35- Falecimento, esse, que tem como causa da morte demência diagnosticada há 3 anos, conforme se pode ler do Certificado de óbito (doc. nº 32 junto com a petição inicial);
36- Como no dia 23.08.2018 faleceu BB, a Autora, a 10.09.2018, habilitou-se como sua herdeira, aceitando a herança (Certidão e Habilitação de Herdeiros, doc. nº 33 junto com a petição inicial);
37- De seguida, a 25.09.2018, a Autora participou o sinistro, isto é, comunicou às Rés a morte do tomador do seguro, via e-mail, o qual foi recebido, a fim de fazer funcionar o pagamento das importâncias seguras do aludido contrato de seguro (doc. nº 34 junto com a petição inicial);
38- Nesse seguimento, em meados de Outubro de 2018, por missiva, datada de 27.09.2018, dirigida à Autora a 1ª Ré comunica que para ‘’proceder à análise de todo o processo’’ era necessário o envio de documentos específicos, designadamente: ‘’certificado de óbito (em que é indicada a causa da morte);
relatório de autópsia, com resultado dos exames toxicológicos (caso tenham sido efetuados); auto de ocorrência das entidades oficias que compareceram no local (em caso de acidente); preenchimento do nosso atestado médico de óbito em nexo, pelo respetivo médico assistente’’ (doc. nº 35 junto com a petição inicial);
39- Dando cumprimento ao solicitado, a 07.11.2018, por e-mail, foram remetidos os documentos solicitados, já junto aos autos: ‘’Relatório Médico’’ e ‘’Habilitação de Herdeiros’’ (doc. nº 36, junto com a petição inicial);
40- A 08.11.2018, a 1ª Ré informou que ‘’os processos se encontram em análise pelos Médicos Conselheiros, sendo que oportunamente será enviado ponto da situação’’ (doc. nº 37 junto com a petição inicial);
41- Em 14.01.2019, a 1ª ré informou a autora que ‘’os processos se encontram em fase final de análise’’ acrescentando que ‘’contamos enviar ponto da situação final, até ao final do mês de Janeiro’’ (E-mail de 14.01.2019, doc. nº 40 junto com a petição inicial);
42- Após, a 1ª Ré recusou a pretensão da Autora, informando que, era impossível a realização ‘’de qualquer pagamento do capital referente à Apólice em assunto, já que, após avaliação pelo nosso Médico Conselheiro, da documentação enviada, verificamos que o presente sinistro se encontra excluído nas Condições Especiais da apólice’’;
43- Concluindo que ‘’na sequência desta recusa, procederemos à devolução do prémio cobrado ao Sr. BB, após o óbito deste e anulação da respetiva apólice’’ e ‘’emitida nova apólice apenas em nome da Sra. AA’’ (E-mail de 14.01.2019, doc. nº 41 e 42, juntos com a petição inicial);
44- A 1ª ré fundamenta a sua recusa em assumir o risco, nas “Condições Especiais da Apólice”, “Riscos Excluídos”, em que se lê que “A Seguradora não garante o pagamento das importâncias seguras, caso o falecimento da Pessoa Segura seja devido a: … o) Doenças neurológicas (incluindo epilepsia) e psiquiátricas (de qualquer natureza) de que a Pessoa Segura seja portadora” (docs. de fls. 80 e 81, docs. nº 41 e 42 juntos com a petição inicial).

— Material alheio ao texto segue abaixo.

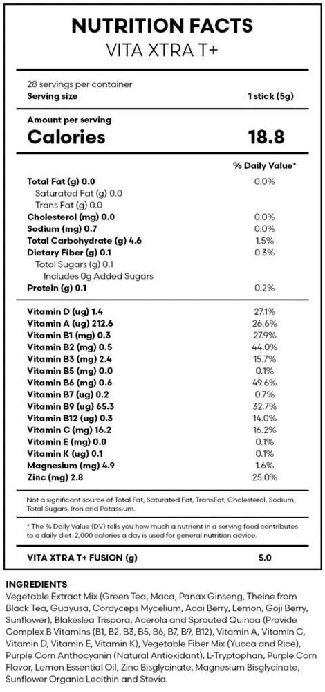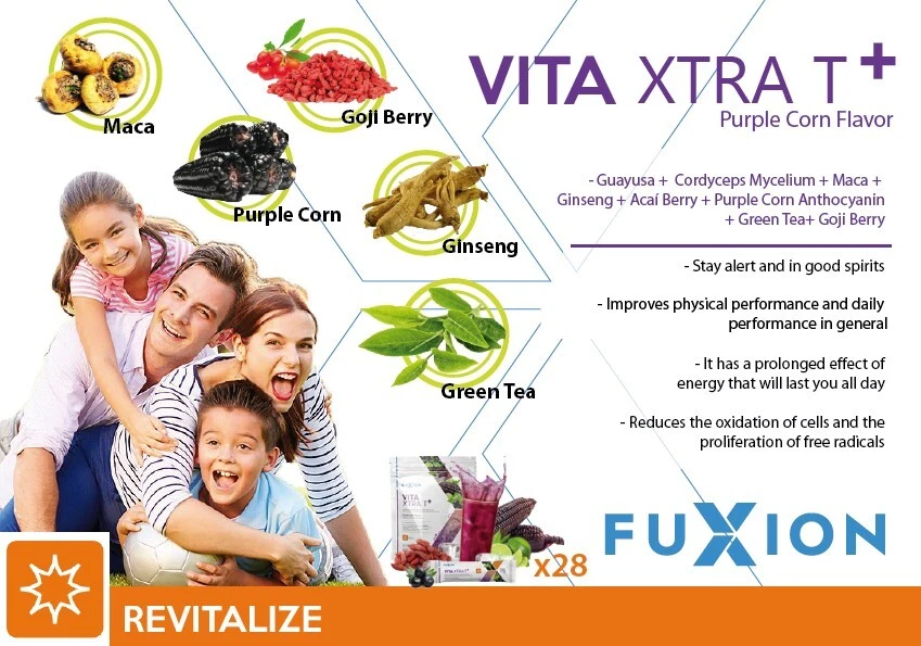 FUXION VITA XTRA T-Support Whole Day Energy W. MACA & GINSENG-1 Bag (28 sachets). VITA XTRAT This unique antioxidant, multivitamin and multimineral drink is a powerful nutritional source to give you physical energy and vitality. This incredible Clean Label formula will help you to receive a long-lasting energy boost that will last the whole day, while reducing cellular oxidation. These statements have not been evaluated by the Food and Drug Administration. This product is not intended to diagnose, treat, cure, or prevent any disease.
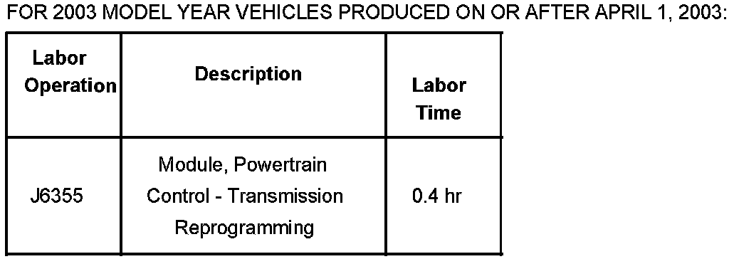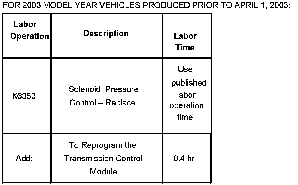For 2003 model year vehicles produced prior to April 1, 2003, replace the Pressure Control Solenoid (PCS). Refer to the Control and Shift Solenoid Replacement procedure in the Transmission sub-section of the Service Manual (SI Document ID #825149). Also, reprogram the Powertrain Control Module (PCM).
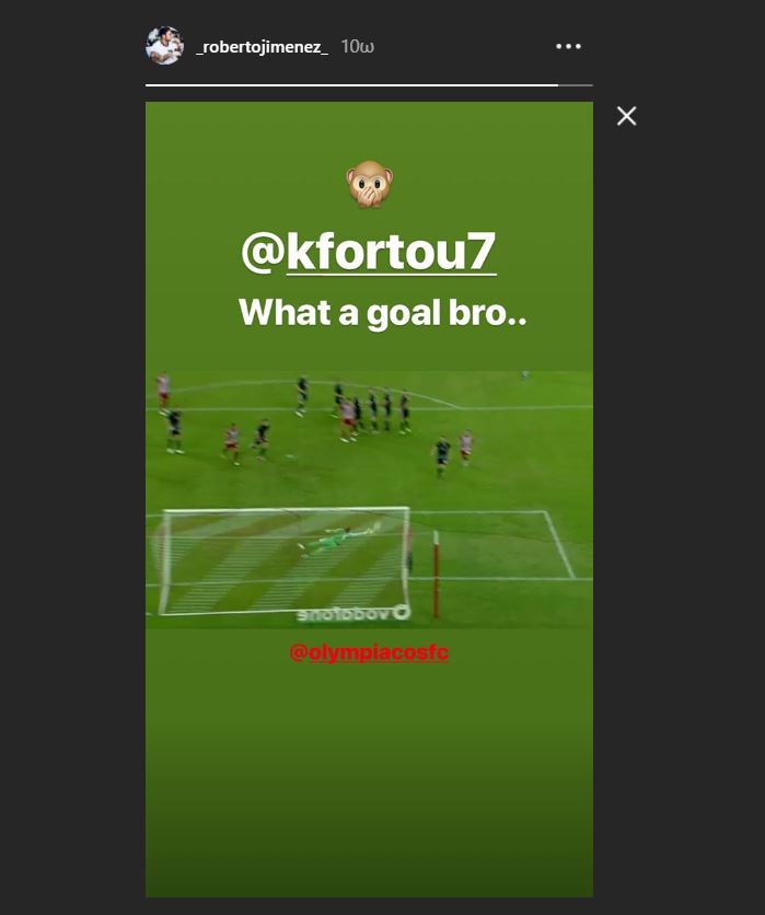 «Τι γκολ αδερφέ», ανέβασε στο Instagram Story o Ρομπέρτο δείχνοντας τον θαυμασμό του για την αριστουργηματική εκτέλεση στο 1-0 από τον αρχηγό του Ολυμπιακού.
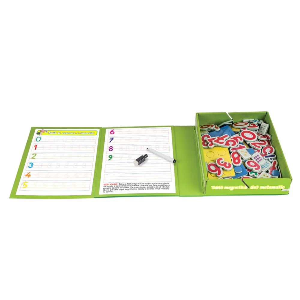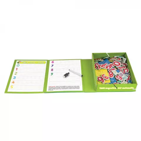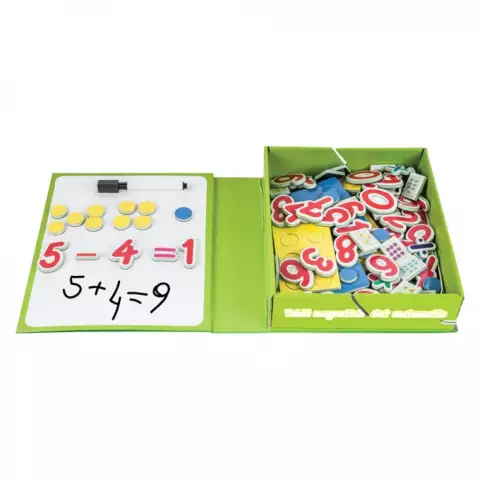 Cei mici vor invata matematica intr-un mod mult mai usor si mai amuzant, cu setul matematic cu tabla pentru scris de la Smile Games. Acest set contine diferite elemente magnetice ce ii ajuta pe cei mici sa descopere lumea fascinanta a matematicii, intr-un mod interactiv si amuzant. Pachetul contine: - 20x numere magnetice; - 60x piese de joc rotunde si magnetice; - 11x cartonase magnetice cu ilustratii; - 1x stilou pentru scris, cu burete pentru sters; - 1x ghid de activitati colorat cu jocuri educative.
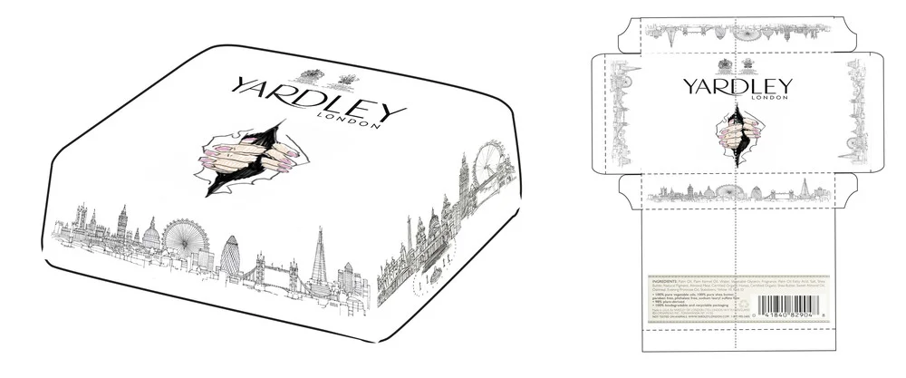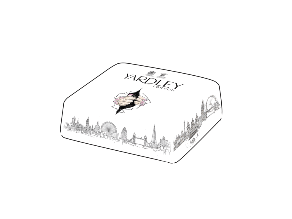 Since our objective is to raise awareness among a younger audience but maintain our original consumers, I designed this new package for Yardley but kept the product the same as before. The new package consists of the original logo of Yardley, a sketch of the London skyline which shows where the soap was born, and a visual of hands tearing the box from inside, representing a new image of Yardley breaking free, especially from chemicals, and coming out of the old perception.
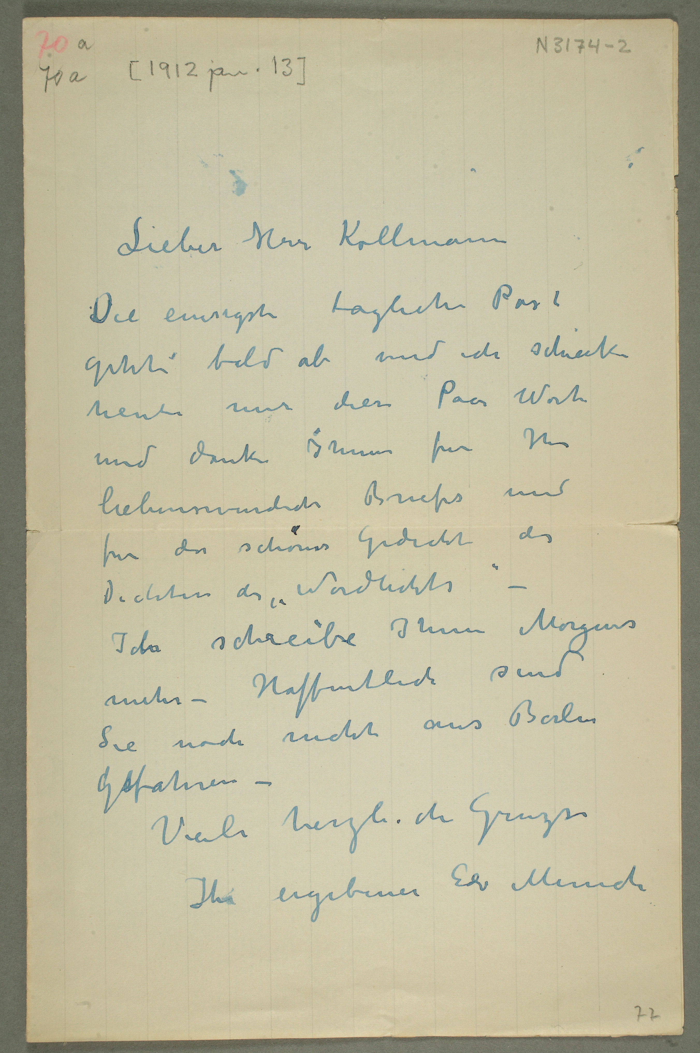 MM N 3174, Munchmuseet. Datert 13.1.1912. Brev til Albert Kollmann
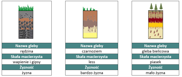 Uzupełnij tabelę, wpisując nazwę gleby przedstawionej na rysunku oraz informacje jej dotyczące.
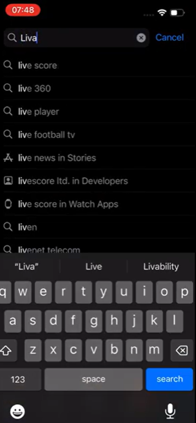 2. Click on the search bar at the top of the screen and type "Liva", then press enter
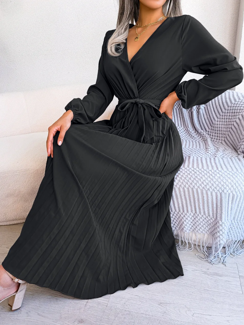 Victoria Vogue Women Spring Summer Cross Solid Color V Neck Large Hem Pleated Long Dress For Fashion
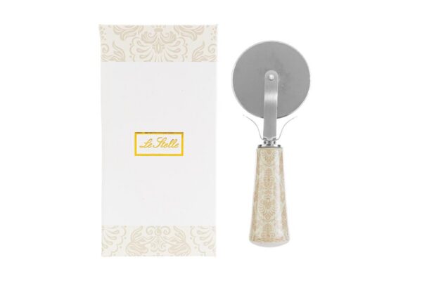 Eleganza e funzionalità si uniscono nel Taglia Pizza Florentia da 15 cm con astuccio. Realizzato in metallo, garantisce durata e precisione per un taglio impeccabile. Perfetto anche come bomboniera per matrimoni, è un regalo pratico che unisce stile e originalità.
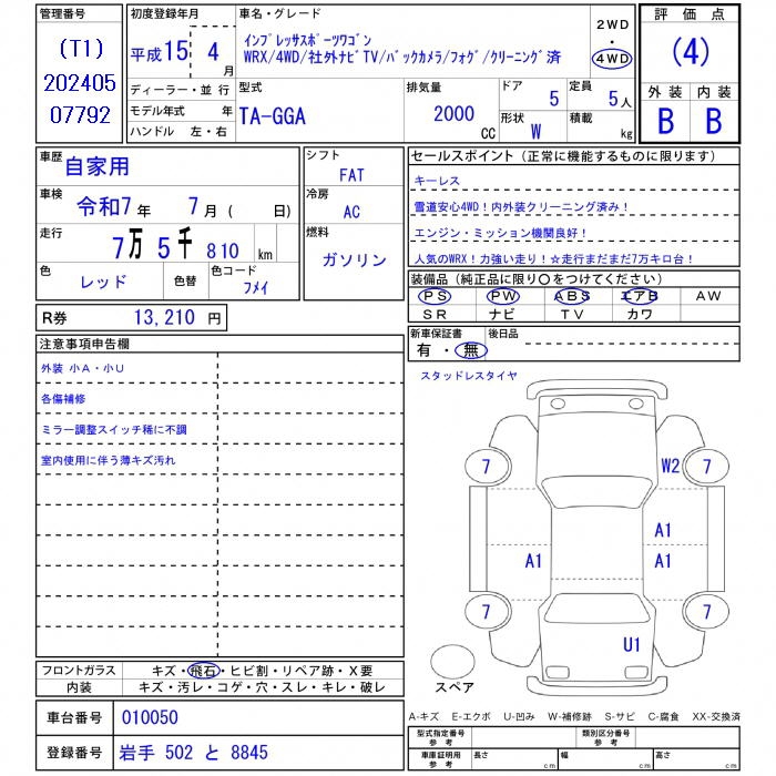 SUBARU IMPREZA SPORT WAGON - лот 23448
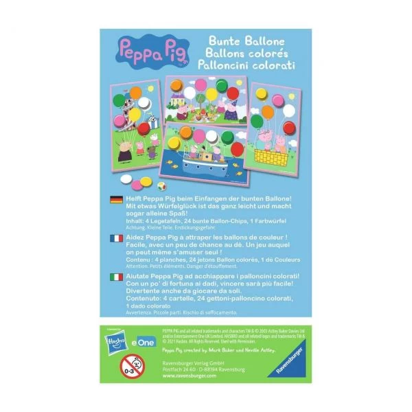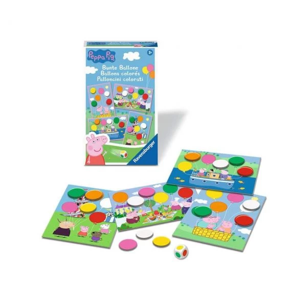 Das Spiel enthält 4 liebevoll gestaltete Legetafeln, einen Farbwürfel und abwischbare Kunststoff-Chips in 6 verschiedenen Farben. 2 – 4 Peppa-Fans ab 3 Jahren können mitspielen, aber auch alleine macht das Einfangen der Bunten Ballone großen Spaß.
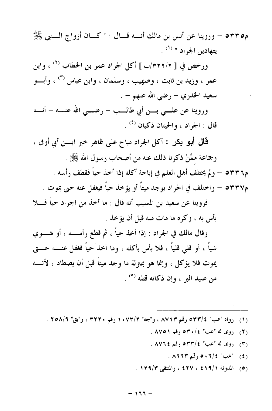 م 5335 - وروينا عن أنس بن مالك أنه قال: "كان أزواج النبي- صلى الله عليه وسلم - يتهادين الجراد".

5Apreciando o mérito do recurso
O objeto do recurso é delimitado pelas questões suscitadas nas conclusões dos recorrentes, e apenas destas, sem prejuízo de a lei impor ou permitir o conhecimento oficioso de outras: art.º 615º nº 1 al. d) e e), ex vi do art.º 666º, 635º nº 4 e 639º nº 1 e 2, todos do Código de Processo Civil (CPC).
No caso, são as seguintes as QUESTÕES A DECIDIR:
- ·Se é de reapreciar a matéria de facto
- ·Erro de julgamento quanto à matéria da interpretação da cláusula de exclusão invocada pela Ré Seguradora
- ·Os termos da condenação
5.1. Reapreciação da matéria de facto?
São hoje da maior amplitude os poderes conferidos aos Tribunais da Relação para proceder à alteração/modificação da matéria de facto, provada ou não provada, tida em conta na 1ª instância.
Porém, essa sindicância está absolutamente dependente do cumprimento pelo Recorrente do ónus de alegação que se lhe impõe no art.º 640º do CPC, do seguinte teor:
“1 - Quando seja impugnada a decisão sobre a matéria de facto, deve o recorrente obrigatoriamente especificar, sob pena de rejeição:
- a)Os concretos pontos de facto que considera incorretamente julgados;
- b)Os concretos meios probatórios, constantes do processo ou de registo ou gravação nele realizada, que impunham decisão sobre os pontos da matéria de facto impugnados diversa da recorrida;
- c)A decisão que, no seu entender, deve ser proferida sobre as questões de facto impugnadas.
A primeira questão a decidir é se estamos perante uma efetiva solicitação de reapreciação da matéria de facto.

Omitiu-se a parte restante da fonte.